Which of the lines below holds the string "esta"? Copy every line that does.

[Record set Boundary: Start]

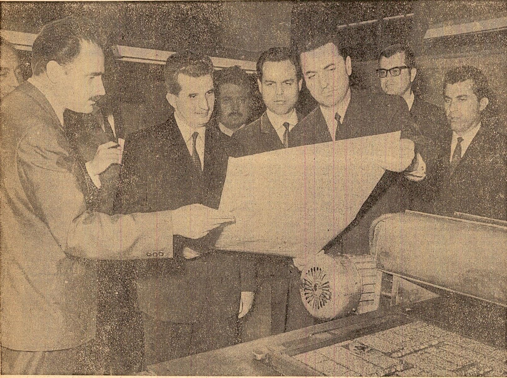
Intr-una din seciile Combinatului Poligrafic „Casa „Scintei”
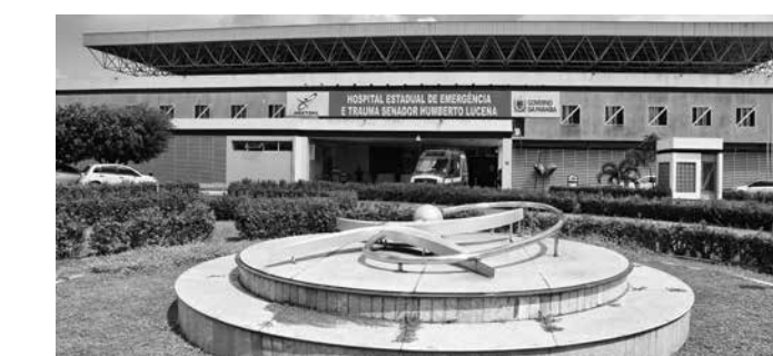
Decisões mais eficientes reduziram tempo de permanência

“É uma forma organizada de identificar fatores que impactam a assistência. Com o Huddle, essas demandas ganham visibilidade e podem ser
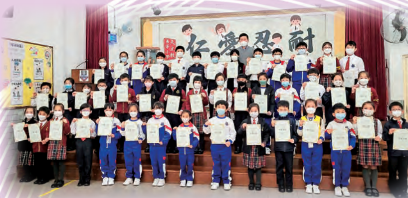
為了表揚在「尊重」方面表現優異之學生而設立的「友愛之星」選舉

學校校風淳樸，以「仁愛忍耐」為校訓，訓輔合一。今年本校以「尊重」為主題，透過早會分享、校本活動、小組訓練及跨學科活動等，培養善導學生應有的特質——尊重，從而培養學生以禮待人，互諒互讓，做個禮貌的善導人。此外，學校會培育學生以愛主愛人之心善待他人，彼此關懷和互相尊重，建立和諧校園。
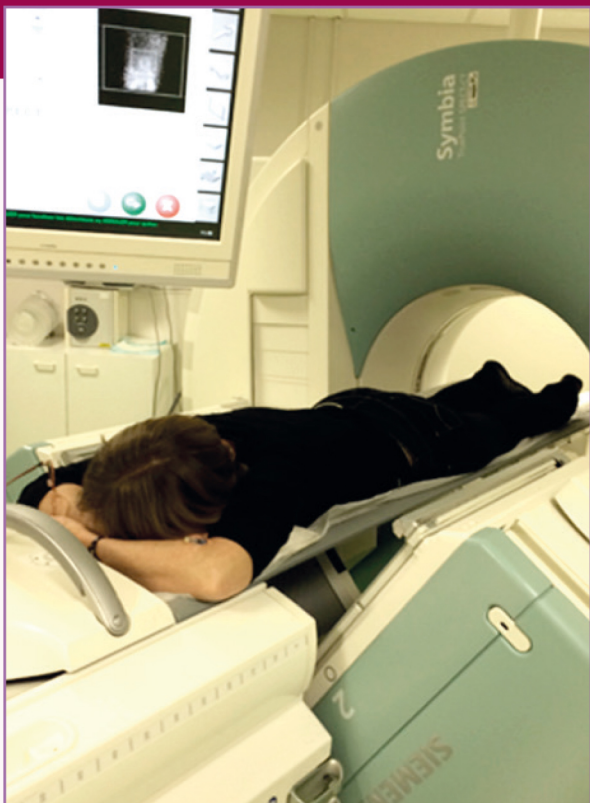
Exemple d'installation sous caméra scintigraphique

A la demande, la notice d'information du produit qui vous a été administré est consultable à l'accueil du service ou sur internet à l'adresse :
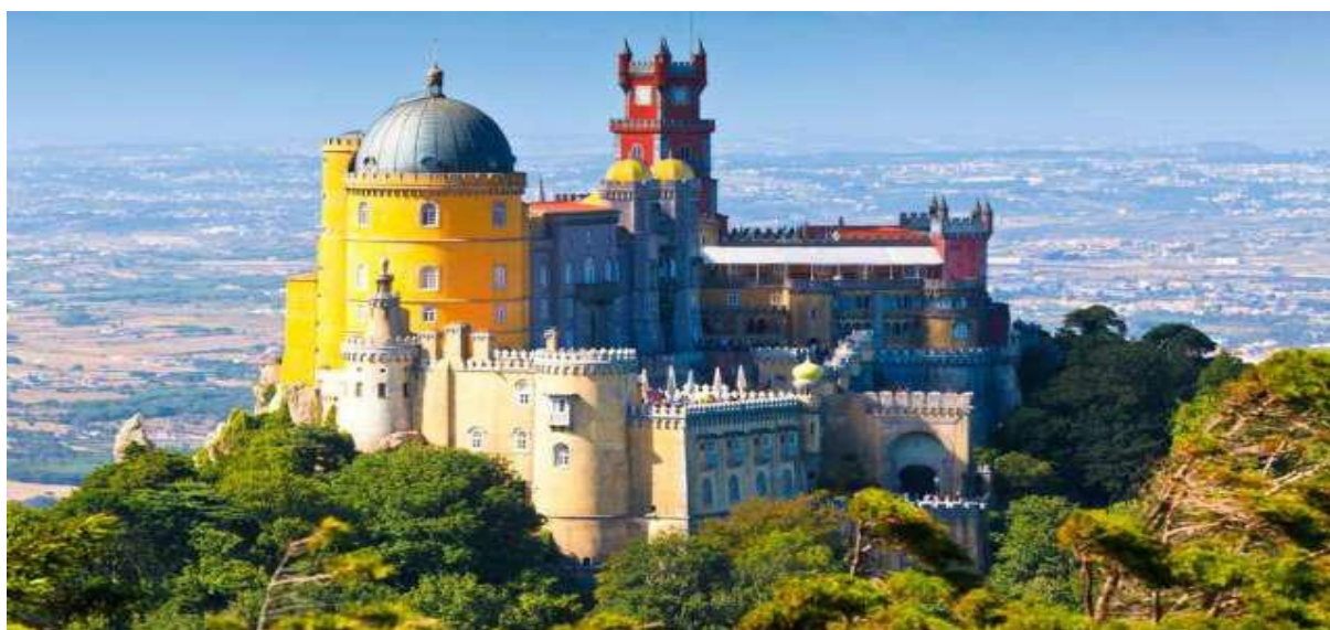
Slika 12. Palača Pena, Sintra
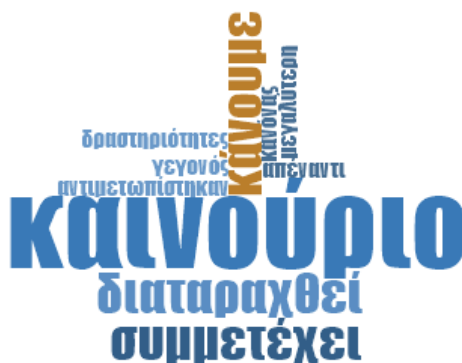
Εικόνα 6: Word Frequency - Τι προκλήσεις αντιμετωπίσατε και πως τις ξεπεράσατε;

Φαίνεται ξεκάθαρα στην εικόνα, ότι αυτό που θεωρούσαν πρόκληση οι εκπαιδευτικοί, ήταν από τη μία το καινούριο του πράγματος που είχαν να αντιμετωπίσουν και από την άλλη πως θα το δεχτεί η τάξη. Αν θα υπάρξει αναστάτωση και διαταραχή κατά την εφαρμογή του.
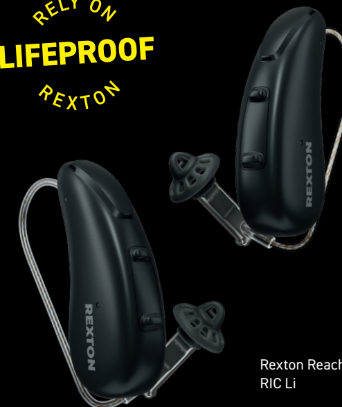
Rexton Reach RIC Li
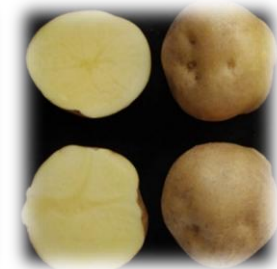
Гончарівська – 2017
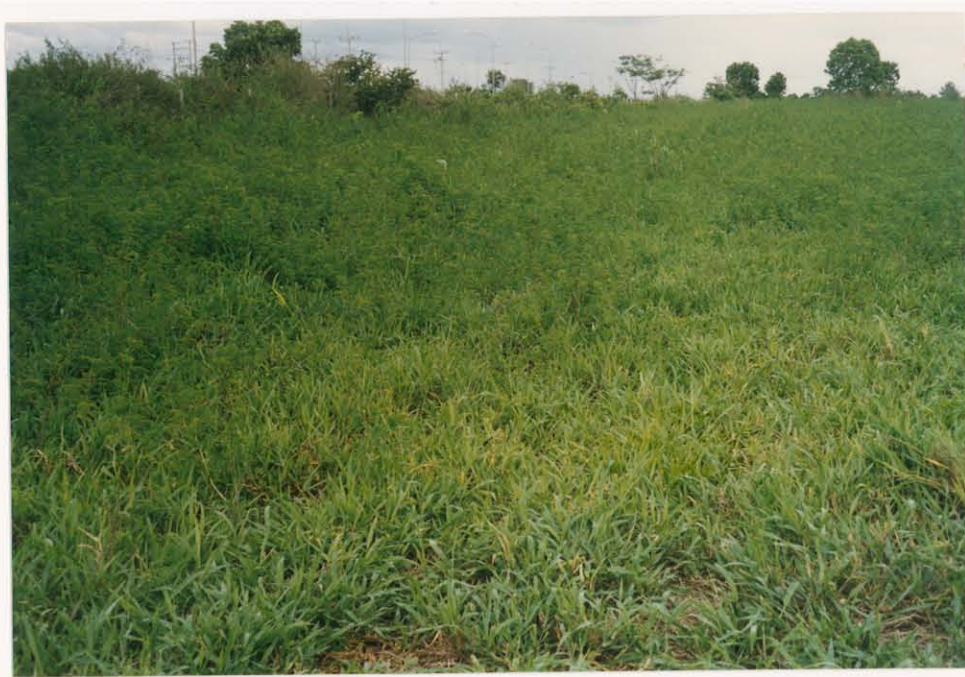
รูปภาพที่ 6 แปลงหญ้าที่ปลูกโดยไม่มีถั่วร่วมด้วย
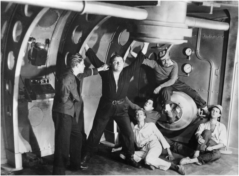
Heinrich George im U-Boot S4

mit der Promotion abgeschlossen hätte. Die Doktorarbeit über «Das Zwei-Helden-Drama als Strukturtyp in der deutschen Dramatik» lag – trotz zahlreicher Engagements bei Bühnen und Zeitungen und ständiger Experimente mit Dramen und Romanen – fertig vor. Es fehlte nur noch die mündliche Prüfung, die Weisenborn aber sausen ließ, weil er eine sensationelle Nachricht erhalten hatte: Kein Geringerer als Erwin Piscator, einer der einflussreichsten Avantgardisten der Weimarer Theaterszene, hatte sein Antikriegsstück «U-Boot S4» zur Aufführung angenommen. 9
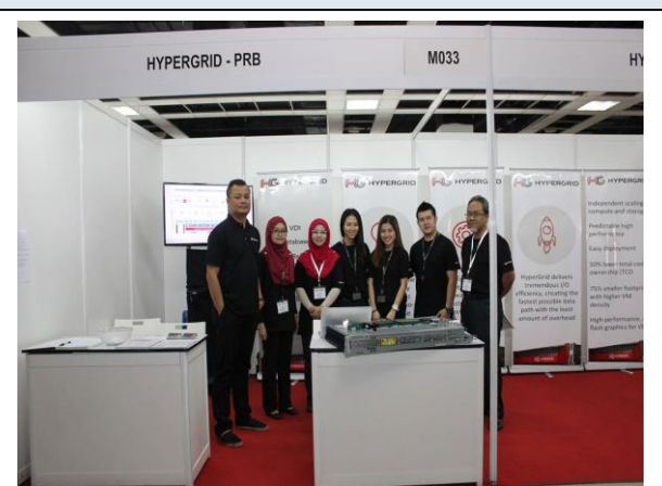
MALAYSIA TECHNOLOGY EXPO 2017
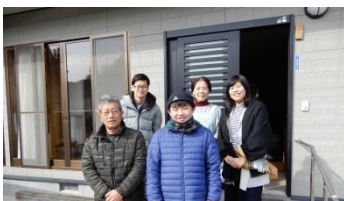
ホームステイ風景
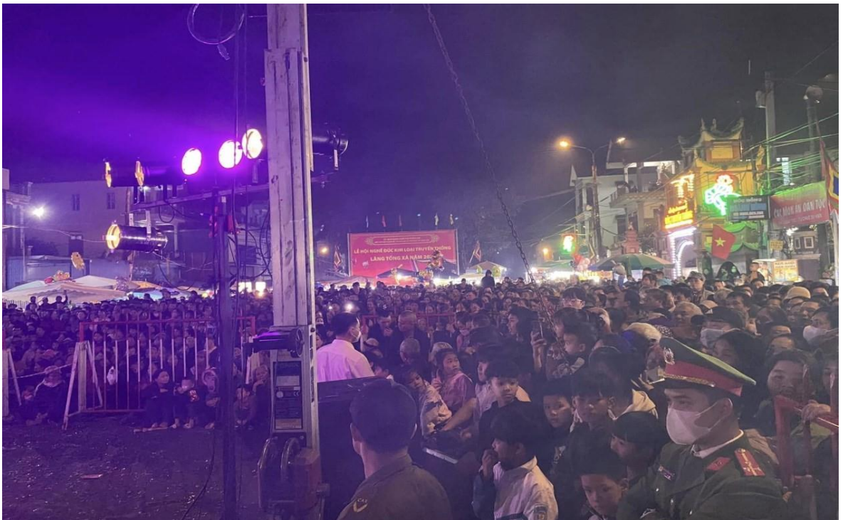
Ảnh 20: Cán bộ và nhân dân làng Tống Xá, thị trấn Lâm, huyện Ý Yên, tỉnh Nam Định đón xem chương trình biểu diễn của Nhà hát Chèo Quân đội, năm 2024.
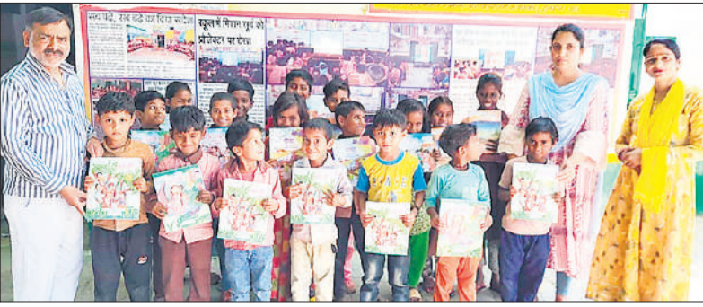
प्राइमरी स्कूल तेरा में पुस्तकें वितरित करते प्रधान अध्यापक।

शाहजहांपुर, अमृत विचार : पुलिस लाइन स्थित महिला परामर्श केंद्र पर बुधवार को 7 पत्रावलियों पर सुनवाई की गई, जिसमें एक दंपती का समझौता हुआ। पुष्पा क्षेत्र के एक दंपती, जिनकी शादी करीब 03 वर्ष पूर्व हुई थी, के मध्य पारिवारिक विवाद उत्पन्न हो गया था। महिला 4 माह से मायके में रह रही थी। महिला ने आरोप लगाया कि पति एवं सास उसके साथ मारपीट करते थे। सास विवाह में मिले सामान का उपयोग नहीं करने देती थी, जिसके कारण वह मायके चली गई थी। दोनों पक्षों को परिवार परामर्श केंद्र बुलाया गया, जहां उनकी बातों का समझौता-बुझाया गया। दोनों पक्ष आपसी सहमति से पुनः साथ रहने के लिए तैयार हो गए।
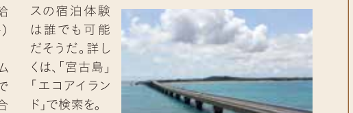
道を歩んでいるように感じる。また宮古島市では島全体をエネルギーパークと考え、産・学・官が連携して取り組む「エネトピア構想エリア」「バイオスタック構想エリア」「地下ダムエリア」「E3アイランド構想エリア」の施設を見学する新エネルギーを体感できる見学コースを設けているが、このツアーが国内外から視察団が訪れるほどの人気ぶりだといふ。

自然エネルギーは気象条件などで電気の出力にムラが出るのが難点だが、蓄電池に電気をためることで解決したという。宮古島の自然エネルギーの割合は、なんと約3割にも及ぶ。そのうち、原発の再稼働へ向けて迷走する本土をよそに、宮古島市はしなやかに我が
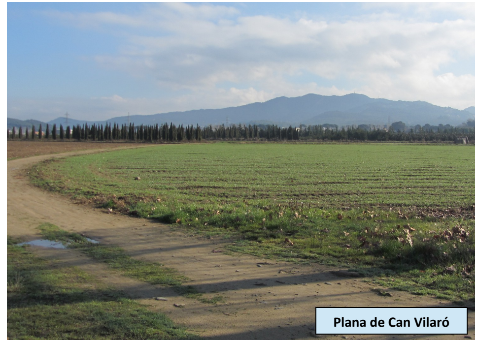
Plana de Can Vilaró

Desde esta pequeña cima podemos disfrutar de buenas vistas a Vilanova del Vallès, al Castell de Sant Miquel y a la Serralada de Marina. Retornamos por la pista a las calles y al último cruce que hemos pasado, donde ascenderemos a una calle señalizada como calle sin salida. En medio de ella sale un camino que pasa a la derecha de las casas que hay al límite de la urbanización, desde donde se nos hace visible la Serra de Céllecs. Llegados frente al camino que va a Cal Gavatx, que es propiedad particular y donde hallaremos una puerta y un muro de ladrillos, deberemos tomar un sendero que sale a la derecha de esta puerta bordeando el Turó de Can Nadal por el Sur hasta salir a una pista que nos lleva a la Plaça de Can Pei. Por la misma pista, seguiremos en dirección Este en ligera subida hasta llegar a Can Jep de la Mel, donde abandonamos la Ruta de Céllecs y seguimos por el camino que conecta con el GR 92. 1kilómetro más adelante llegamos a un llano, la Plana del Fum, y donde enlazamos con el GR 92.
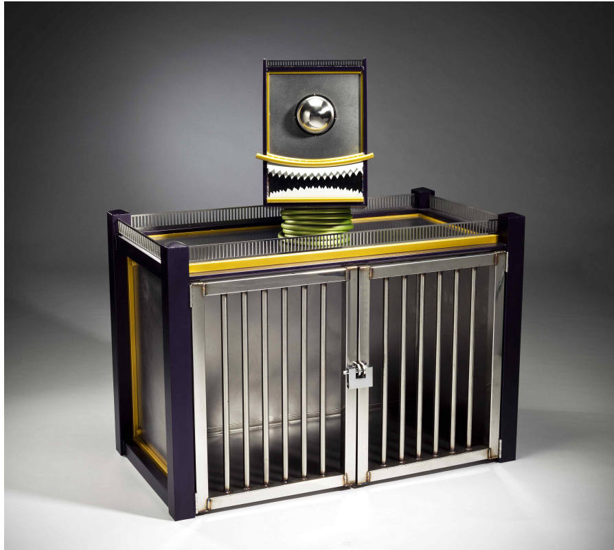
【작품 2】 도시감옥
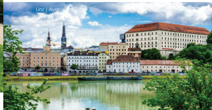
Linz | Austria

7 Praga - Múnich Por la mañana se acercará a la vida de Mozart en Praga. En el casco antiguo de la ciudad visitará la Torre de la Pólvora y la Plaza Vieja, dominada por el Ayuntamiento con su Reloj Astronómico, así como las impresionantes Iglesias de Tyn y de San Nicolás. Recorrerá el Puente de Carlos, donde puede apreciar una galería de estatuas barrocas con una hermosa vista al Castillo de Praga. ¡Ahora se entiende por qué Mozart dedicó toda una sinfonía a esta ciudad! Regreso a Múnich.
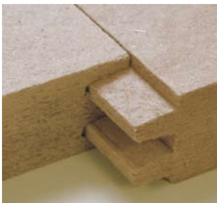
Hofafest UD 60mm

Vďaka veľmi dobrej hodnote S_D (ekvivalentnej difúznej hrúbke) - pohybujúcej sa od 0,09 m do 0,3 m, sú panely Hofafest UD vhodné do všetkých difúzne otvorených konštrukcií. Použitie panelov ako jednej z vrstiev vonkajšieho opláštenia konštrukcií, kde je izolačná vrstva umiestnená medzi krokvmi alebo medzi stĺpkami rámovej konštrukcie obvodových stien zabezpečuje aj dostatočnú pevnosť konštrukcie. Ako dočasné debnenie striech alebo obvodových stien môže byť vrstva panelov Hofafest UD vystavená vonkajším poveternostným podmienkam aj niekoľko týždňov.
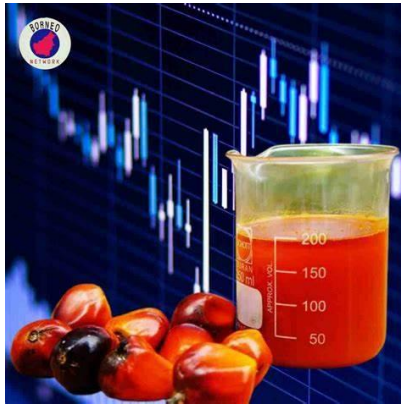
Gambar 5.2 Bentuk Minyak Kelapa Sawit
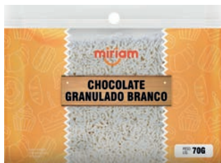
Chocolate Granulado Branco 70g Cód 0370 Cód Barras: 7896485400193 NCM: 17049020
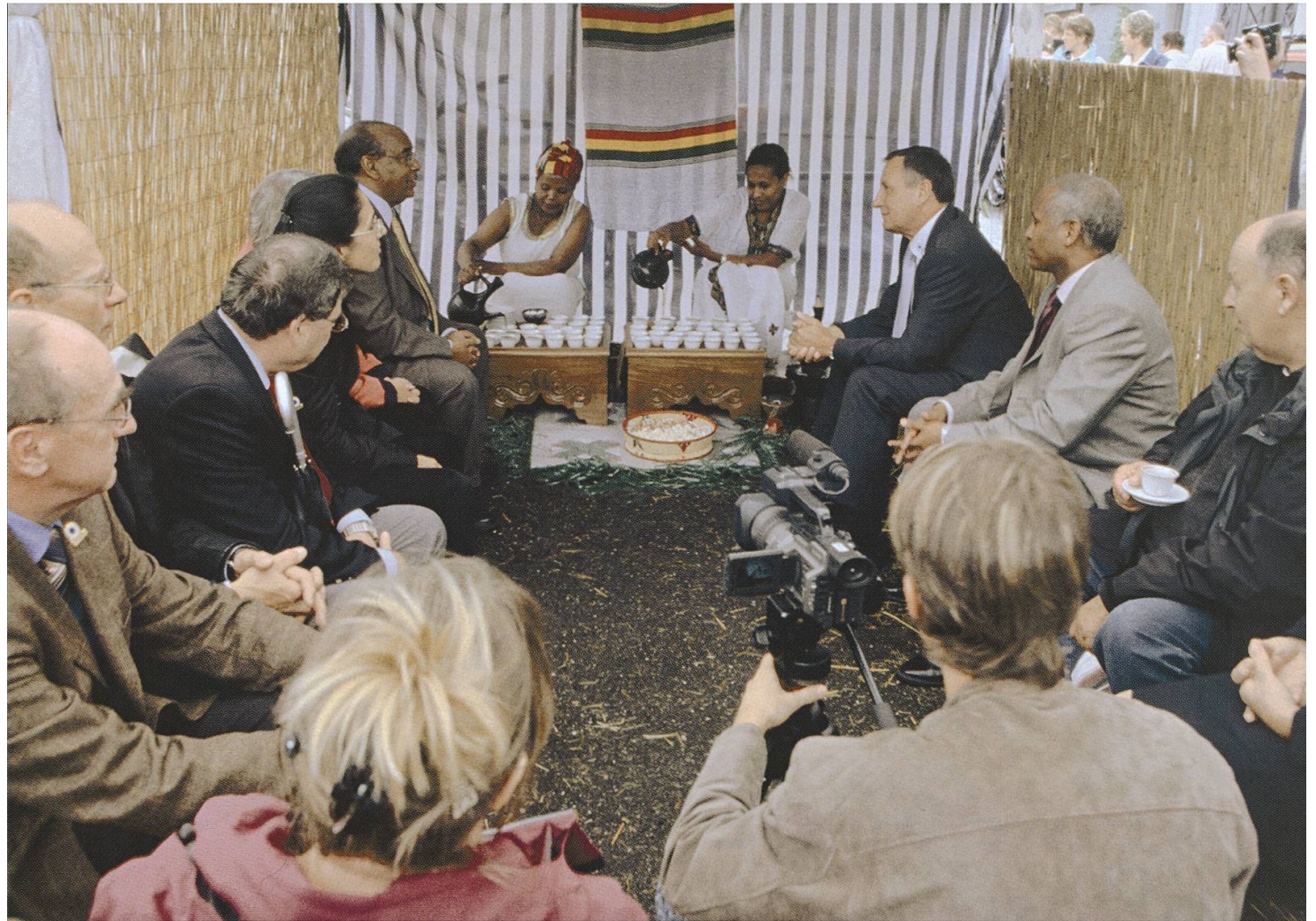
Im Fokus: Der äthiopische Botschafter und der Stadtrat im Kaffeehaus «Zum blauen Nil»
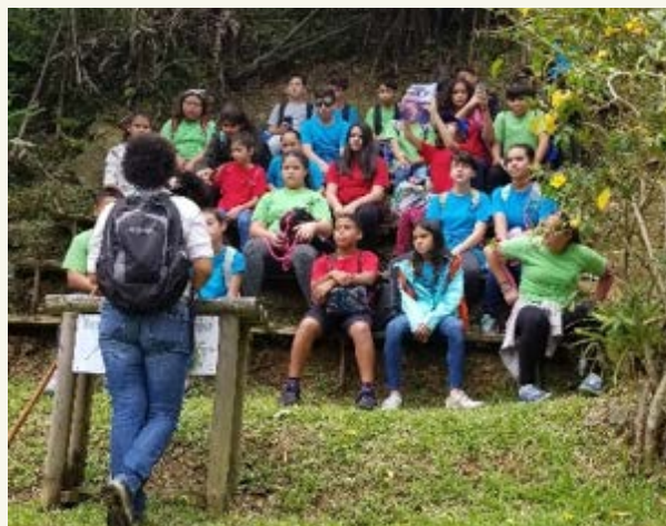
Inmersión en la naturaleza
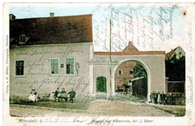
Höhnstedt: Gasthof „Zur Weintraube“

Unsere Postkarte, die 1903 versendet wurde, führt uns in die Weinbauregion nach Höhnstedt und zeigt uns den alten Gasthof „Zur Weintraube“.

[Record set Boundary: End]

Exercise solution
Desde esta pequeña cima podemos disfrutar de buenas vistas a Vilanova del Vallès, al Castell de Sant Miquel y a la Serralada de Marina. Retornamos por la pista a las calles y al último cruce que hemos pasado, donde ascenderemos a una calle señalizada como calle sin salida. En medio de ella sale un camino que pasa a la derecha de las casas que hay al límite de la urbanización, desde donde se nos hace visible la Serra de Céllecs. Llegados frente al camino que va a Cal Gavatx, que es propiedad particular y donde hallaremos una puerta y un muro de ladrillos, deberemos tomar un sendero que sale a la derecha de esta puerta bordeando el Turó de Can Nadal por el Sur hasta salir a una pista que nos lleva a la Plaça de Can Pei. Por la misma pista, seguiremos en dirección Este en ligera subida hasta llegar a Can Jep de la Mel, donde abandonamos la Ruta de Céllecs y seguimos por el camino que conecta con el GR 92. 1kilómetro más adelante llegamos a un llano, la Plana del Fum, y donde enlazamos con el GR 92.
7 Praga - Múnich Por la mañana se acercará a la vida de Mozart en Praga. En el casco antiguo de la ciudad visitará la Torre de la Pólvora y la Plaza Vieja, dominada por el Ayuntamiento con su Reloj Astronómico, así como las impresionantes Iglesias de Tyn y de San Nicolás. Recorrerá el Puente de Carlos, donde puede apreciar una galería de estatuas barrocas con una hermosa vista al Castillo de Praga. ¡Ahora se entiende por qué Mozart dedicó toda una sinfonía a esta ciudad! Regreso a Múnich.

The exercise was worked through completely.